- [Directions]: Write out the full set of records exactly. Any pictures in them do not belong in the copy.

- [Dataset records]:

[Start of Attachment]

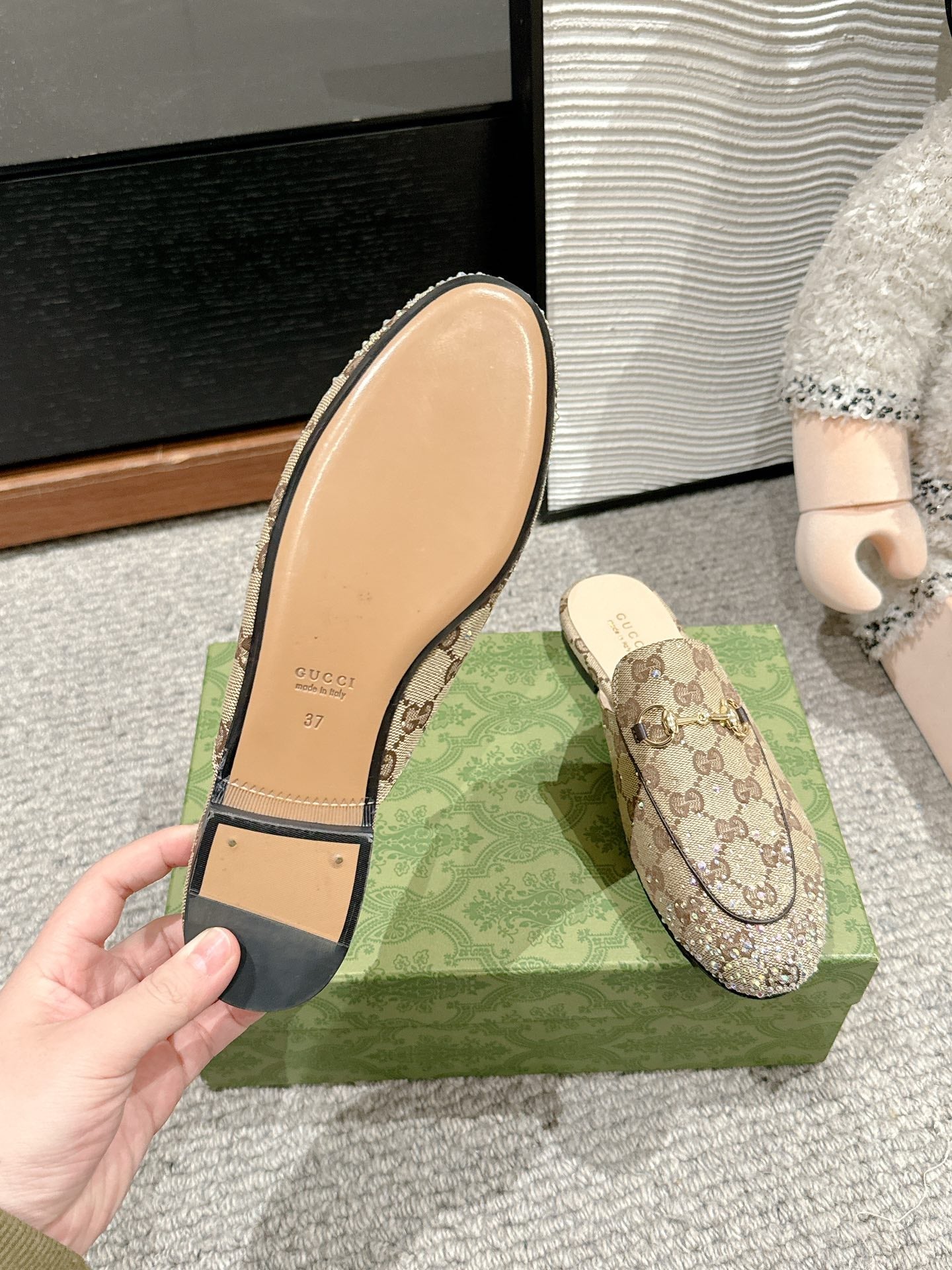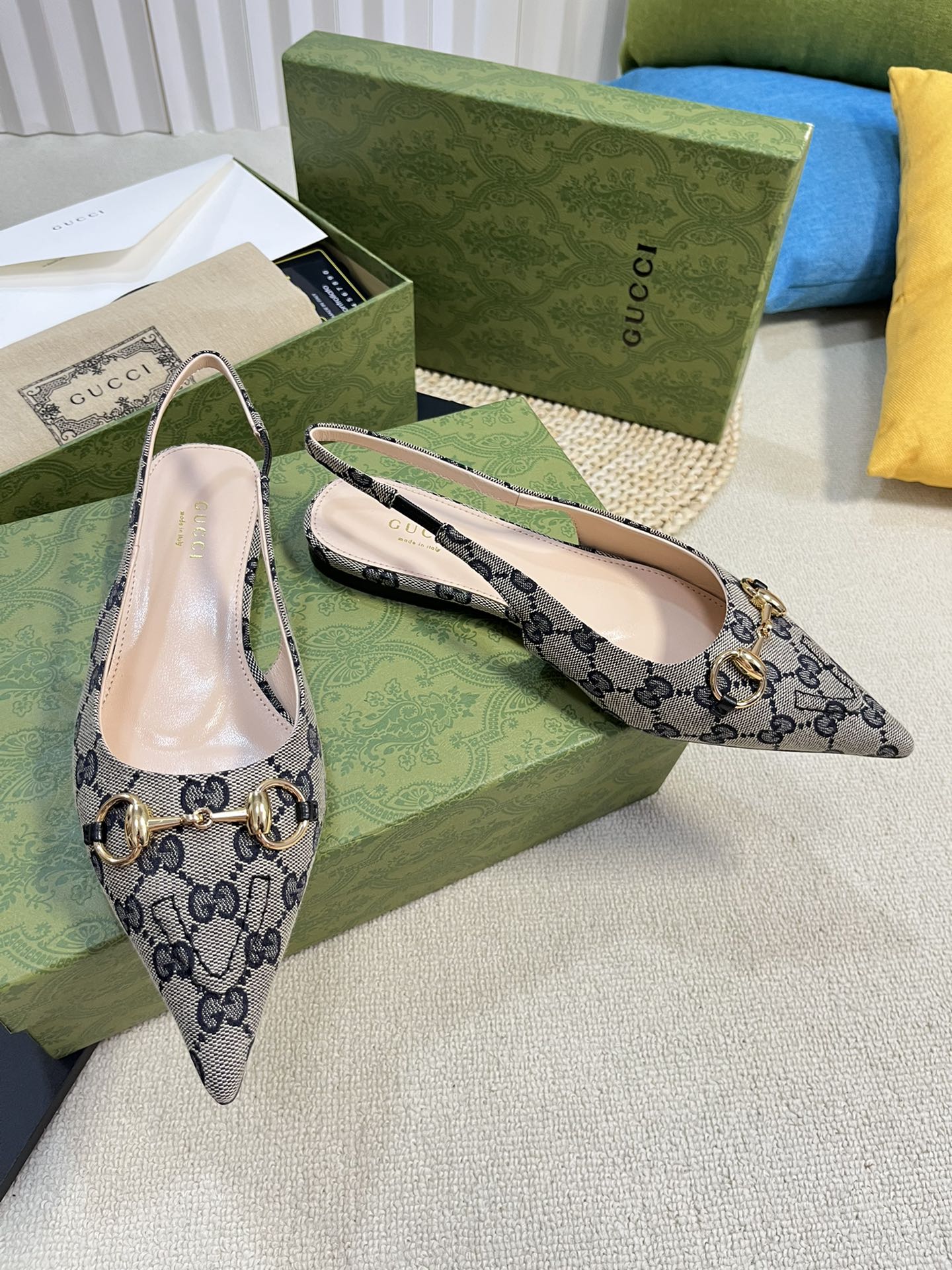GG Horsebit Slingback Flat Beige Ebony Monogram Canvas Point Toe Crystal-Embellished
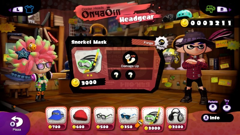 Nintendo’s plan to keep the game alive seems to be to distribute new maps, modes, and weapons every few weeks once the game launches. It’s an interesting strategy that I didn’t quite expect from Nintendo. At launch, you’ll have access to one mode and five maps, which definitely doesn’t seem like a lot. Based on my experience, I played up to level 11 (which roughly translates to…a whole ton of matches) and wasn’t bored of the game by a long shot, but your mileage may vary. The game seems to be structured in a way so that you can’t see everything at once. Only two maps are in rotation at a time per mode (the version of Splatoon I played also had the Ranked Battle mode unlocked for everyone at level 10, in the real game it will unlock once a certain amount of people reach that level) which means that for at least a while, you can only play on 4 maps at any given time. Nintendo’s reasoning seems to be for players to strategize what weapons they want to pick for that set beforehand, but I don’t really see it. I think it would make more sense to allow players to change loadouts between spawns or before the match begins, but neither of those options is present. It seems like the primary way things will be kept interesting are through your own growth and experimentation. From my many hours of Splatoon, my strategies have changed dramatically from when I first started, and I’ve gone through tons of different weapons and clothing effects. As you play, you gain levels and money that allow you to purchase new items, which change how you play and what you can do. With three main weapon types and dozens of variations of skills there’s a ton to play with in Splatoon, and the fact that there’s even more to come is pretty exciting. I think the most interesting thing about Splatoon is how experimental it all feels. Not just in how different its gameplay is, but in the way Nintendo is structuring its release content. Splatoon definitely won’t jive well with everyone, but personally I’m invested enough in the gameplay based on the launch content alone, and I’m immensely curious to see what the game looks like by the end of its life cycle. Food for Thought: 1. Splatoon defaults with motion controls on, which makes it so that your aim is controlled by how you hold the gamepad. You can turn it off in the pause menu. I highly recommend disabling it as soon as possible. 2. I like that everyone talks like weird 90s hipsters. In any other game it might be obnoxious, but because everyone looks like goofy cartoon sea creatures I think it works. 3. Splatoon is one of the few games I’ve seen where you can’t actually play on the GamePad for most of its modes. I imagine this is because, for once, the GamePad is actually vital. Looking at the map on it quickly tells you where you need ink up, and also allows you to super jump to the positions of your teammates.
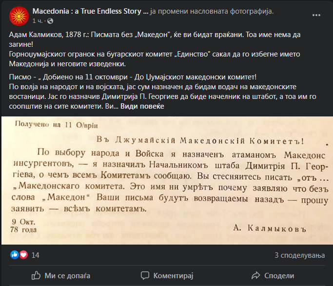 Адам Калмиков, 1878 г.: Писмата без „Македон”, ќе ви бидат враќани. Тоа име нема да загине!
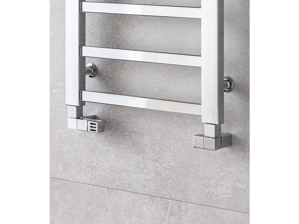 Ventil CUBE CET L – CHROM s termostatickou hlavicíSada CUBE-CET je určena pro napojení koupelnových radiátorů s vývodem na rozteč radiátoru, pouze pro centrální vytápění. Designová sada se skládá z regulační hlavice a uzavíratelného šroubení. Podle umístění termostatické hlavice se sady rozdělují na pravé a levé. Součástí sady jsou také krycí rozety připojovacího šroubení.
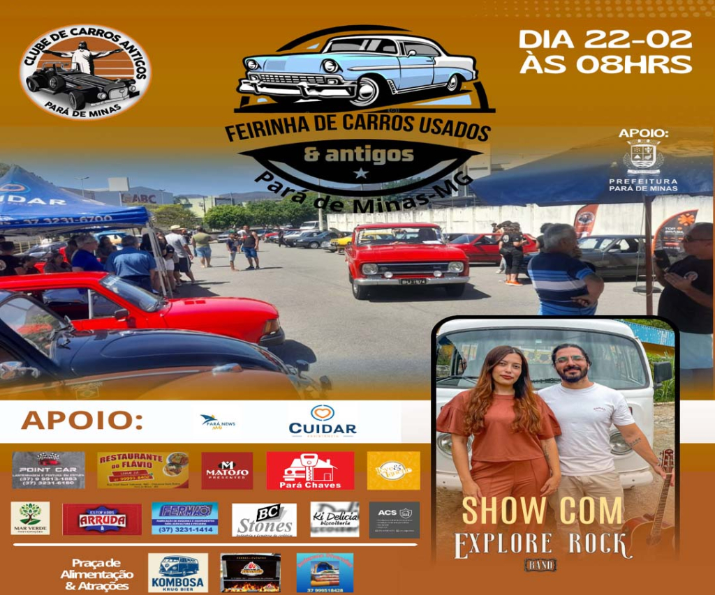 Além da exposição de veículos, o público poderá assistir ao show da banda Explore Band, do casal de Pará de Minas que viaja pelo Brasil e países da América do Sul, na sua Kombi motorhome. Eles vão falar um pouco da sua experiência nas viagens.

[End of Attachment]

- [Output of the task]:
GG Horsebit Slingback Flat Beige Ebony Monogram Canvas Point Toe Crystal-Embellished
 Nintendo’s plan to keep the game alive seems to be to distribute new maps, modes, and weapons every few weeks once the game launches. It’s an interesting strategy that I didn’t quite expect from Nintendo. At launch, you’ll have access to one mode and five maps, which definitely doesn’t seem like a lot. Based on my experience, I played up to level 11 (which roughly translates to…a whole ton of matches) and wasn’t bored of the game by a long shot, but your mileage may vary. The game seems to be structured in a way so that you can’t see everything at once. Only two maps are in rotation at a time per mode (the version of Splatoon I played also had the Ranked Battle mode unlocked for everyone at level 10, in the real game it will unlock once a certain amount of people reach that level) which means that for at least a while, you can only play on 4 maps at any given time. Nintendo’s reasoning seems to be for players to strategize what weapons they want to pick for that set beforehand, but I don’t really see it. I think it would make more sense to allow players to change loadouts between spawns or before the match begins, but neither of those options is present. It seems like the primary way things will be kept interesting are through your own growth and experimentation. From my many hours of Splatoon, my strategies have changed dramatically from when I first started, and I’ve gone through tons of different weapons and clothing effects. As you play, you gain levels and money that allow you to purchase new items, which change how you play and what you can do. With three main weapon types and dozens of variations of skills there’s a ton to play with in Splatoon, and the fact that there’s even more to come is pretty exciting. I think the most interesting thing about Splatoon is how experimental it all feels. Not just in how different its gameplay is, but in the way Nintendo is structuring its release content. Splatoon definitely won’t jive well with everyone, but personally I’m invested enough in the gameplay based on the launch content alone, and I’m immensely curious to see what the game looks like by the end of its life cycle. Food for Thought: 1. Splatoon defaults with motion controls on, which makes it so that your aim is controlled by how you hold the gamepad. You can turn it off in the pause menu. I highly recommend disabling it as soon as possible. 2. I like that everyone talks like weird 90s hipsters. In any other game it might be obnoxious, but because everyone looks like goofy cartoon sea creatures I think it works. 3. Splatoon is one of the few games I’ve seen where you can’t actually play on the GamePad for most of its modes. I imagine this is because, for once, the GamePad is actually vital. Looking at the map on it quickly tells you where you need ink up, and also allows you to super jump to the positions of your teammates.
 Адам Калмиков, 1878 г.: Писмата без „Македон”, ќе ви бидат враќани. Тоа име нема да загине!
 Ventil CUBE CET L – CHROM s termostatickou hlavicíSada CUBE-CET je určena pro napojení koupelnových radiátorů s vývodem na rozteč radiátoru, pouze pro centrální vytápění. Designová sada se skládá z regulační hlavice a uzavíratelného šroubení. Podle umístění termostatické hlavice se sady rozdělují na pravé a levé. Součástí sady jsou také krycí rozety připojovacího šroubení.
 Além da exposição de veículos, o público poderá assistir ao show da banda Explore Band, do casal de Pará de Minas que viaja pelo Brasil e países da América do Sul, na sua Kombi motorhome. Eles vão falar um pouco da sua experiência nas viagens.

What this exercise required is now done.